DEV Community

Cover image for I built a Go microservices framework in 2017. Here's what 8 years of production taught it.
Aafaq Zahid
Aafaq Zahid

Posted on • Originally published at substack.com

I built a Go microservices framework in 2017. Here's what 8 years of production taught it.

In 2017 I was maintaining a Node.js ecommerce server when a new project landed on my desk — an IoT platform for vehicle tracking devices. Thousands of devices, transmitting data continuously, with clients expecting real-time visibility into what the devices were reporting.

The Node.js server started showing its limits almost immediately.

Too many devices, too much real-time data, not enough throughput. Clients were seeing delays. Data was arriving late. The storage layer was struggling so badly the team was deleting the previous month's data every 30 days just to keep things running. And underneath all of it was a monolith — one large server doing everything, with no clean way to scale the parts that were struggling without scaling everything.
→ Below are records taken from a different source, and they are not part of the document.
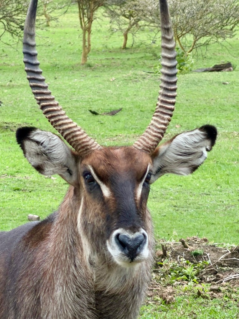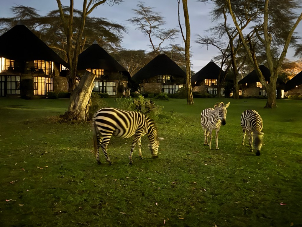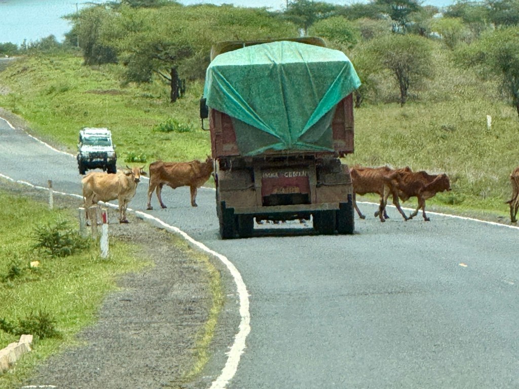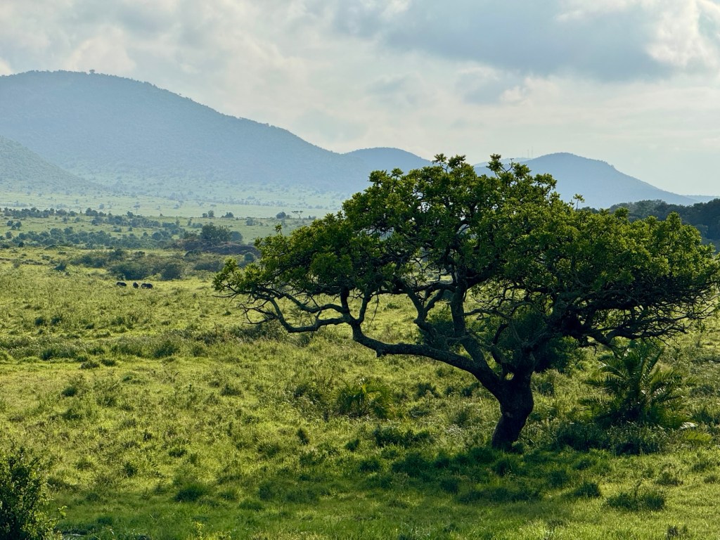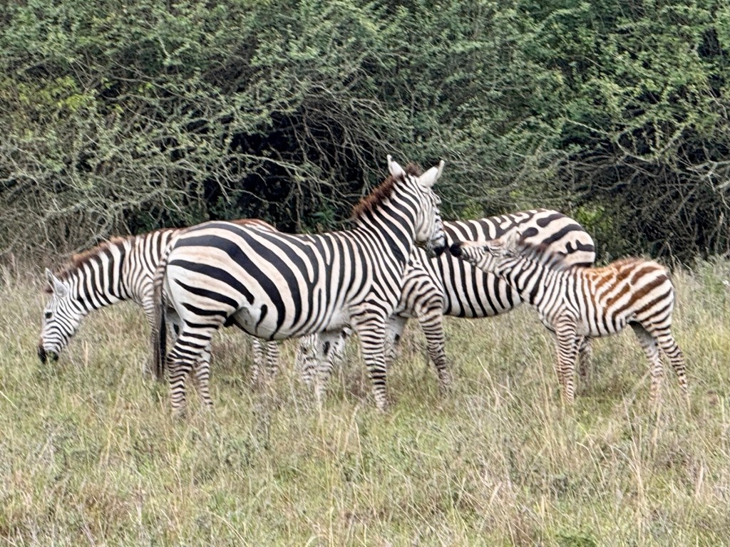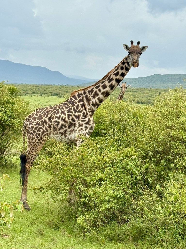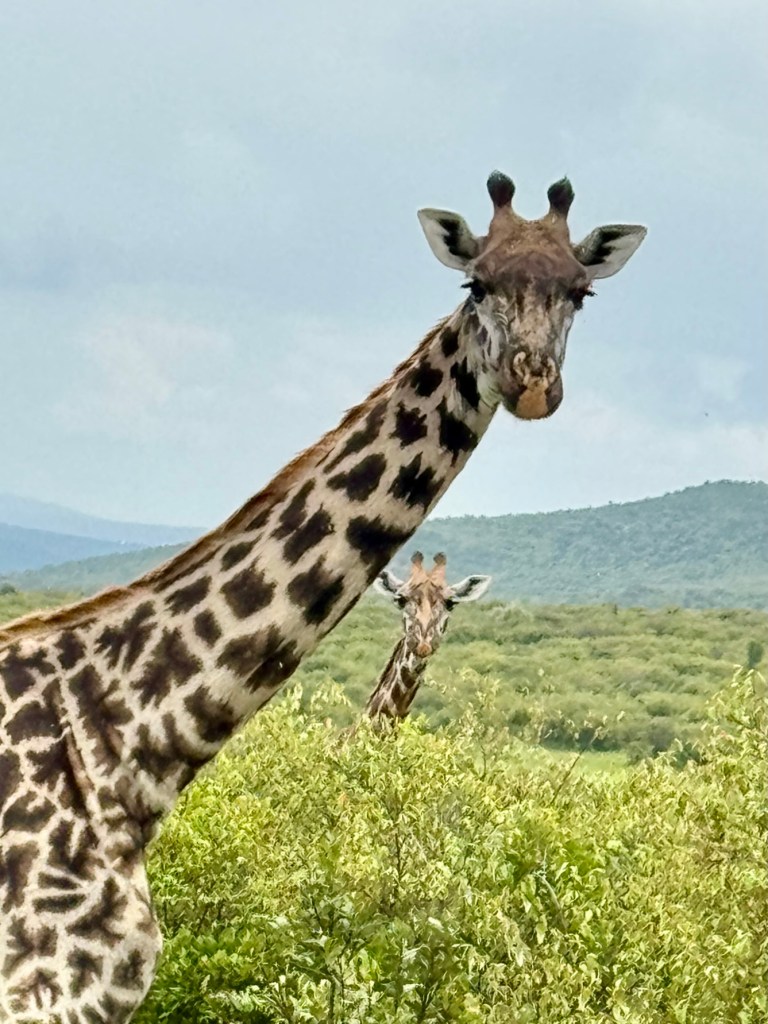 We were on the flat part of the savannah with foothills in the background and had our daily intake of giraffes, zebras, antelope, and gazelles.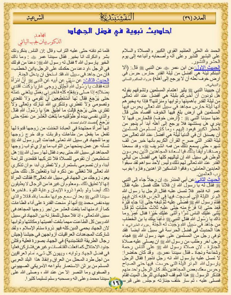 العدد التاسع والثلاثون احاديث نبوية في فضل الجهاد 1 مارس، 201225 يونيو، 2019 احاديث نبوية في فضل الجهاد
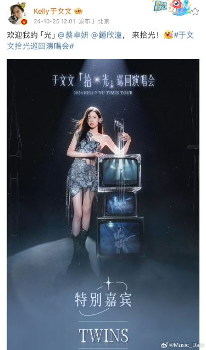 演唱会高光:追星天花板的名场面:2024年11月8日于文文深圳“拾光”演唱会,Twins作为重磅嘉宾惊喜登台。三人不仅同台飙歌,更在后台共同庆生,阿Sa与阿娇推着蛋糕出现的瞬间,被粉丝称为“次元壁彻底粉碎的时刻”。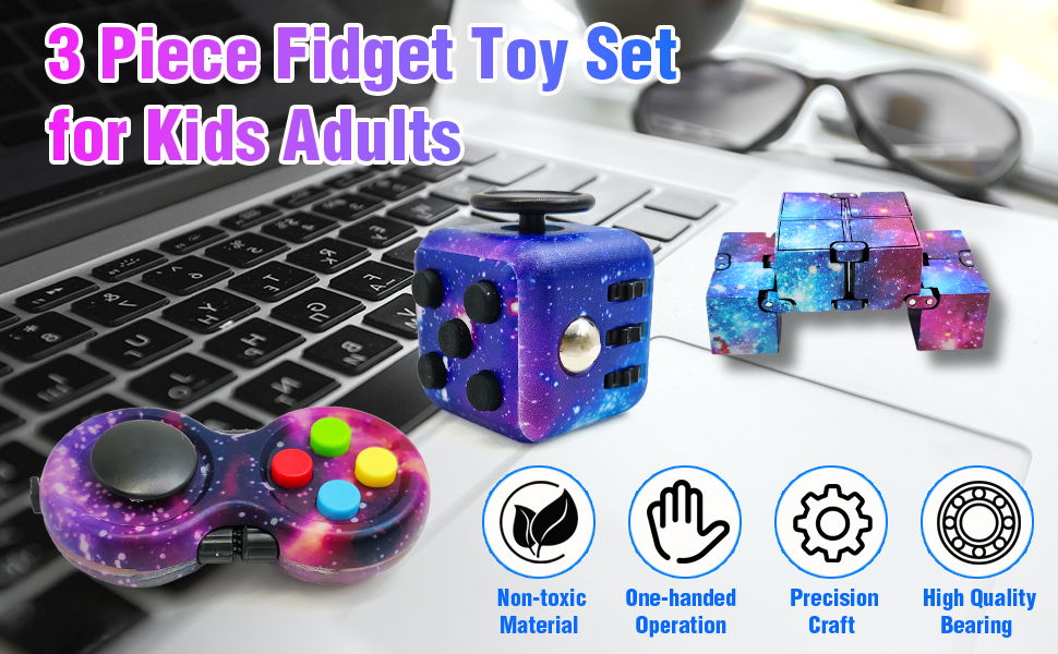 3 Piece Fidget Toy Set Galaxy Fidget Cube Pad Infinity | Desertcart Brazil

We needed microservices. We needed speed. We needed something built for this.


Why Go

I came to Go from C++ — not from Python or Ruby or JavaScript. I had spent years in structured, compiled languages where you thought carefully about types, memory, and concurrency before you wrote a line. Node.js had been a detour. Java had been a year. Go felt like coming home.
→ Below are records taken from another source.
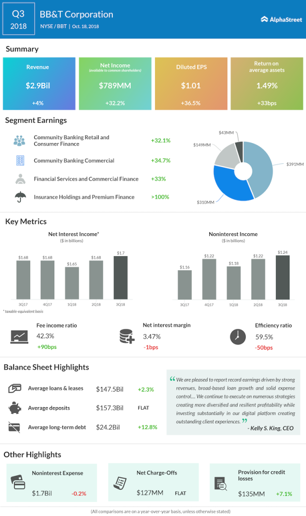 “We are pleased to report record earnings driven by strong revenues, broad-based loan growth and solid expense control,” said CEO Kelly King. He added, “Revenue exceeded $2.9 billion as we achieved records in both net interest income and noninterest income.”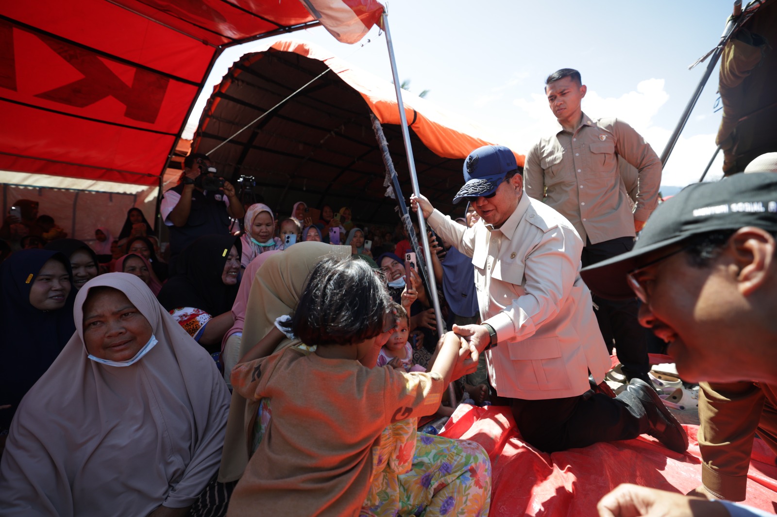 Di hadapan warga, Prabowo kembali menegaskan bahwa pemerintah bekerja sepenuhnya untuk rakyat, termasuk memastikan tata kelola negara berjalan bersih agar anggaran dapat benar-benar kembali kepada masyarakat. “Pemerintah RI adalah milik rakyat. Kita kerja untuk rakyat, kita berbakti untuk rakyat,” tegasnya. Ia juga menegaskan komitmennya memberantas penyelewengan anggaran. “Supaya tidak ada kebocoran, tidak ada maling-maling yang mencuri uang rakyat. Kalian suka nggak kalau saya sikat?” serunya, yang langsung dijawab warga dengan sorakan dukungan. Menutup pertemuan, Prabowo mengapresiasi keteguhan warga yang tetap bersemangat di tengah musibah. “Terima kasih, walaupun saudara sedang susah tapi semangatmu luar biasa,” katanya, diiringi doa warga, “Sehat selalu, Pak!”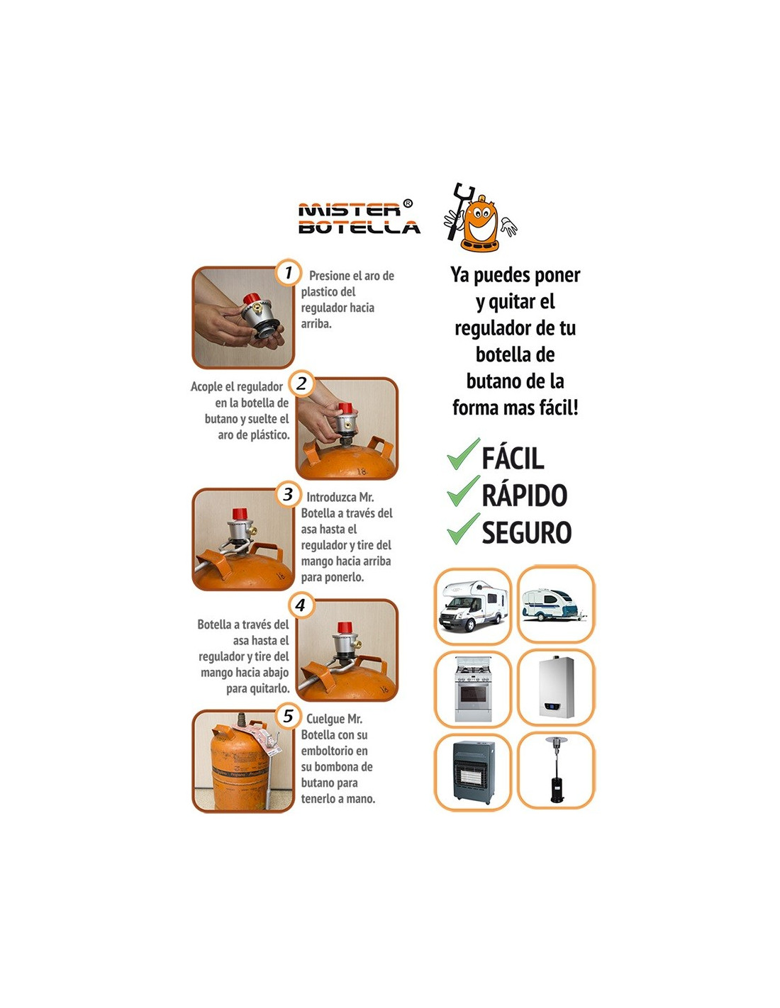 5) Hängen Sie Mr. Bottle mit seiner Flasche an Ihre Butanflasche, um sie griffbereit zu haben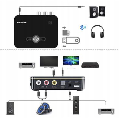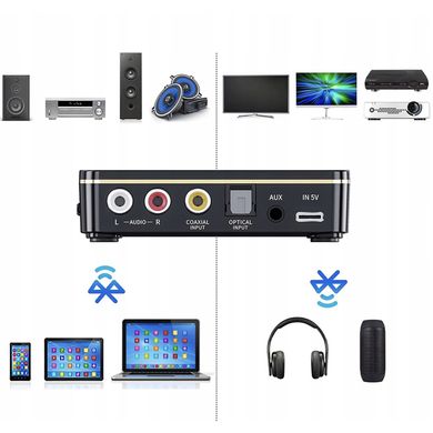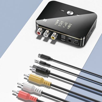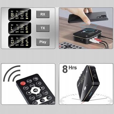 TX Bluetooth 5.0-Sender + RX Bluetooth 5.0-Audioempfänger, Modusschalter, 10 m Reichweite, Akkulaufzeit ca. 10 h, Fernbedienung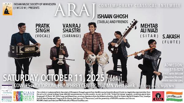 The Fall 2025 season concludes with a special concert event: the contemporary classical ensemble Araj. This performance spotlights some of the most promising young musical artists from India, featuring: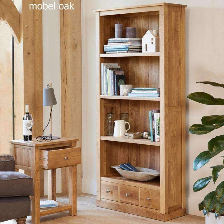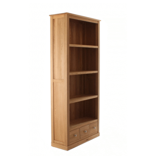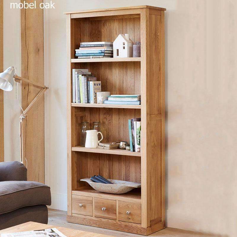 This tall large Mobel Oak bookcase has four shelves and three small drawers at the base of unit. The fixed shelves provide an extra sturdy solid oak bookcase and the three drawers with brushed steel knobs provide useful additional storage. It has a tongue and groove hardwood back and dovetailed drawer joints. Exceptional build quality that is designed to last.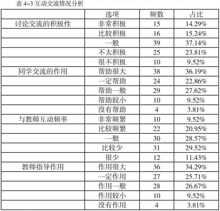 尽管大部分学生能够积极参与课堂讨论,但仍有部分学生在与教师的互动交流上不够频繁,这可能影响学生及时获得教师的指导和反馈。有可能翻转课堂中的讨论环节未能充分激发学生的参与热情,或者讨论话题的吸引力不足,导致学生讨论不积极。学生性格差异,部分学生性格内向,不善于在公共场合表达自己的观点,导致在课堂上的互动交流受限。另外,教师在课堂讨论中的角色定位可能不够明确或缺乏足够的引导,有效促进学生的互动交流的作用要加强。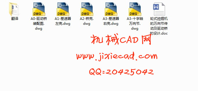 The design is the design of the universal joint transmission and drive axle wheel excavator, it is the end of the transmission system, passing a large torque, its work will have a direct impact on the work performance of the machine.The function of the drive axle of the main drive to change the torque in the direction of the rotation axis, a longitudinal engine torque to the transverse drive axle on both sides of the driving wheel. Change the direction of the force transmission through the main drive bevel gear final drive and the main transmission gearbox output shaft speed is reduced, increasing the torque; solve the differential left and right through the differential to reduce steering resistance and tire wear, which to assist steering. In addition, the drive axle housing also from the power transmission and load-bearing role.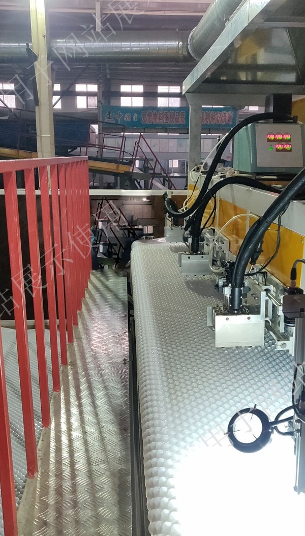 自粘式防排水板自動涂膠設備。 通過視覺識別引導噴膠機動作,實現快速、精確噴膠,在滿足產品使用要求基礎上,減少了自粘膠用膠量,降低了工人勞動強度,提高了產品質量,為企業(yè)創(chuàng)造更多的利潤。

Go was young in 2017. The community was smaller. The ecosystem was thinner. But Google was behind it, the community was growing fast, and the performance characteristics were exactly what the IoT platform needed — compiled, concurrent, fast.
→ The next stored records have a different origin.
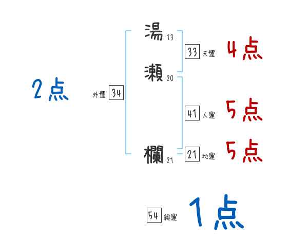 天運![]() | 湯瀬欄さんの天運は33画の4つ星!権力志向でプライドが高い。勇気があり運を切り開き成功する。 家系が持つ宿命的な運勢を表します。祖先から受け継いだ苗字ですので自分の力が及びません。家柄を象徴します。 |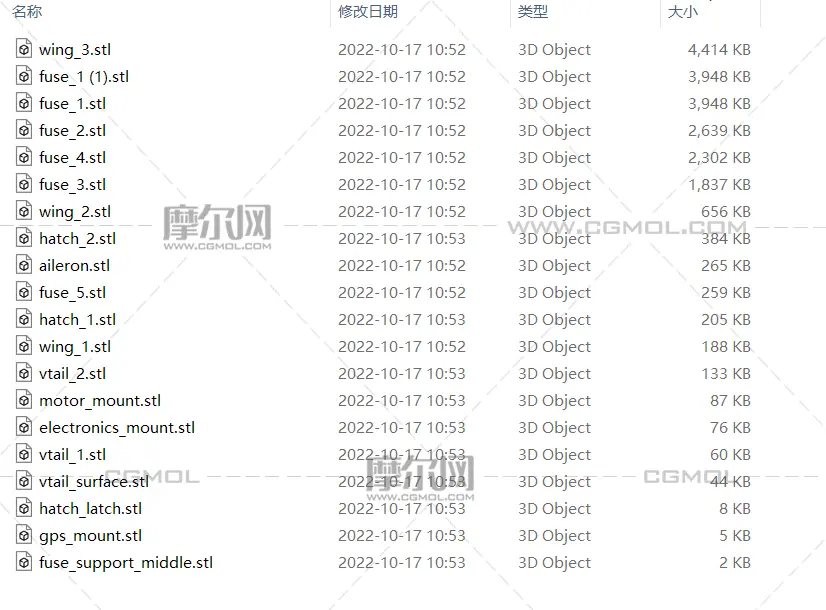 小胖V尾固定翼无人机stl模型, 该作品由作者(MOL54492N4Q8GP)上传发布。 文件格式有:stl, 建议使用Magics等软件打开。文件大小: 9.95MB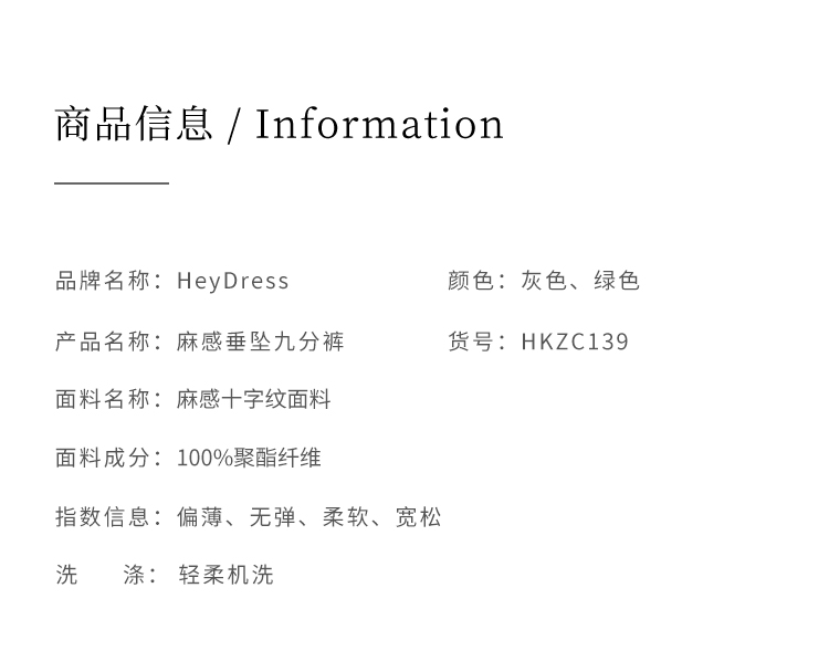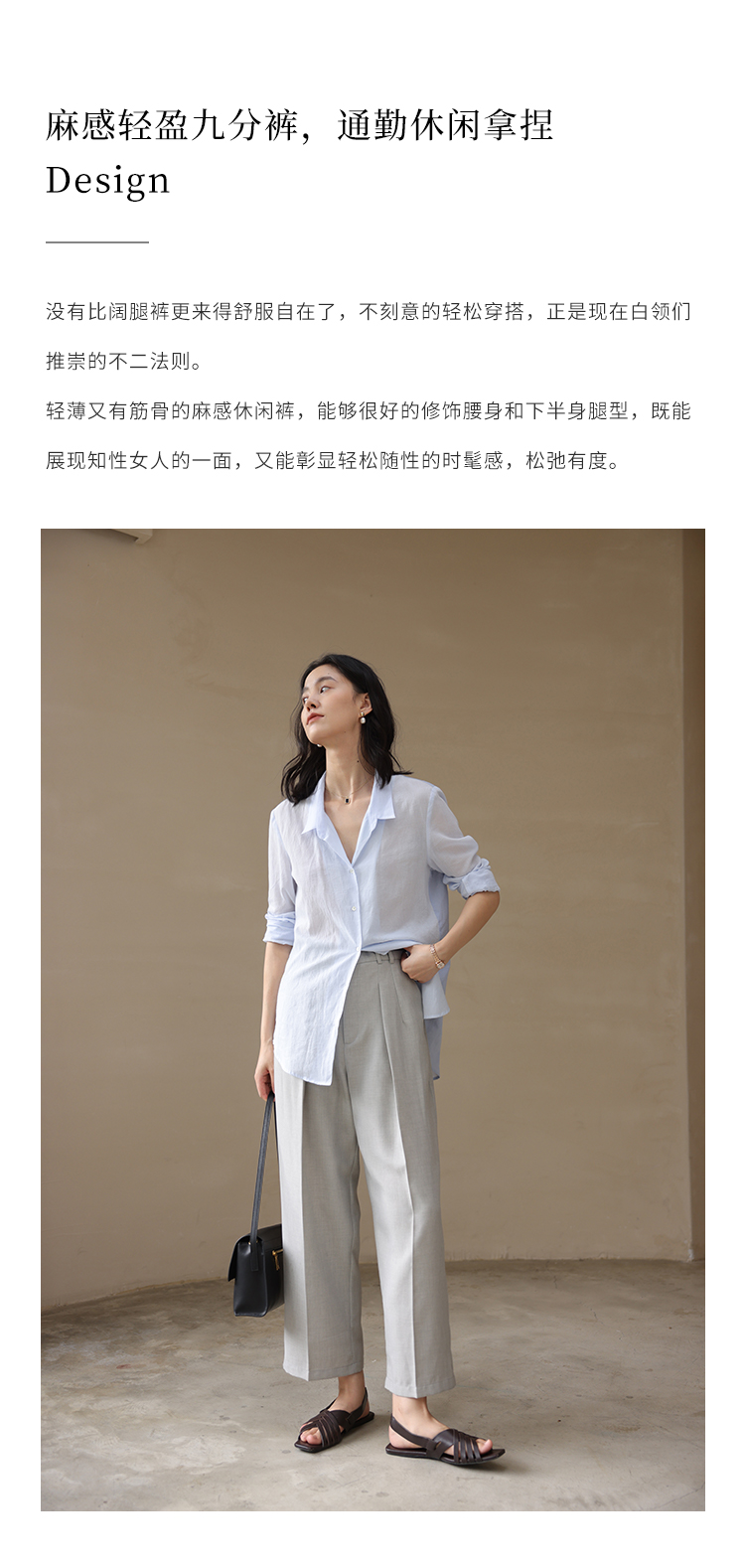 【周四精选福利】HeyDress麻感休闲裤女夏季薄款高腰显瘦九分裤宽松垂感直筒裤子

The decision was straightforward. The harder question was: how do you structure a Go microservices system from scratch?


The go-micro problem

The obvious answer was go-micro — the most complete Go microservices framework available at the time. I tried it. It worked. But it felt like too much.

go-micro has service discovery, plugins, a full RPC system, and abstractions for everything. For a team that needed to move fast on a real-time IoT system, it felt like learning a new language on top of a new language. The cognitive overhead was real.

What I actually needed was simpler. Some services needed to process messages from a queue. Some needed to respond without a queue at all — pure fire and forget. Some needed HTTP. Some needed raw socket connections for the devices. The system needed to be modular but not complicated.

go-micro could do all of this. But I kept feeling like I was fighting the framework instead of building the product.

So I stopped fighting it and started building my own.


The first version

The first version of Keel was almost embarrassingly simple. One main file. One config file. A way to define multiple services and run them inside a single Docker container.

The core idea: every service registers itself, the framework boots the right one based on a flag, and each service gets access to whatever it needs — HTTP, sockets, database, messaging — through a shared configuration and lifecycle system.

one binary
one config
multiple services
boot the one you need
Enter fullscreen mode Exit fullscreen mode

That was it. No magic. No service discovery. No plugins. Just a clean way to structure a Go microservices project so you didn't have to rebuild the foundation every time you added a service.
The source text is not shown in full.